Все периоды безработицы всегда были связаны со стрессом, неуверенностью в «завтрашнем дне». А конкуренция неуклонно росла, и от этого мое беспокойство усиливалось. Никаких гарантий на будущее не было, и сколько времени я могла оставаться без заработка, никогда не могла знать. Мысли о работе всегда были для меня на самом важном месте после моей дочери и родителей. Я чувствовала постоянную ответственность перед ними, и работа в этом смысле была для меня жизненно необходима. Больше всего на свете я боялась снова оказаться с дочкой в нищете, остаться на улице. Снова быть загнанной в «пятый угол», снова встать перед необходимостью начинать все сначала.
Судьба, казалось, без конца испытывала меня на прочность и постоянно подшучивала надо мной. Неоднократно, в последние дни до окончания пособия, когда я уже в отчаянии рисовала в своей голове «страшные картины», мне вдруг неожиданно отвечала фирма, в которую я когда-то посылала свою кандидатуру, иногда три месяца назад. Предлагала мне пост. Пусть временный – несколько месяцев по замещению работника в больнице или женщину в декретном отпуске, но все же это было моим спасением. Я даже привыкла к этому и почти переставала беспокоиться – спокойно ждала, когда судьба соберется, наконец, послать мне небольшой подарок. И, спасибо ей, она не подводила меня.
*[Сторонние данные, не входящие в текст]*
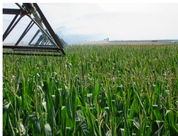
Figure 9. Irrigated sweet corn in the Columbia Basin.

There were six respondents (four producers, two crop consultants) who listed grain or silage corn as their main crop. The importance of issues related to soil health that were most frequently mentioned as being of high importance for this group were soil organic matter (SOM) level and soilborne disease. Cover crops, double cropping, green manures, no-till, and reduced tillage were identified as issues of high importance by the 50% or more of respondents. The most important challenges identified by this group were short term land leases, high cost of soil improvement practices, managing high levels of crop residue, rotation restrictions, and low residue crops. The areas of research that were most frequently identified as being of high importance for this group were monitoring soil health and strategies for improving soil health. One grower in this group offered the following comment:

После смерти папы моя мама почувствовала себя плохо – морально и физически. Часто плакала, у нее подскакивало давление. Я звонила ей по нескольку раз в неделю утром и вечером, а затем поняла – небходимо взять ее к нам, хотя бы на время. Так она могла бы постоянно общаться с дочерью и с внучкой, избежать одиночества и отсутствия «стакана воды», который некому подать.
Конечно, мне было очень приятно, что мама была рядом. Но я также понимала, что ее присутствие накладывало на меня большую ответственность и много обязанностей, а также очень ограничивало мое личное пространство. Мама буквально стала моим вторым ребенком – всегда маленьким и беспомощным.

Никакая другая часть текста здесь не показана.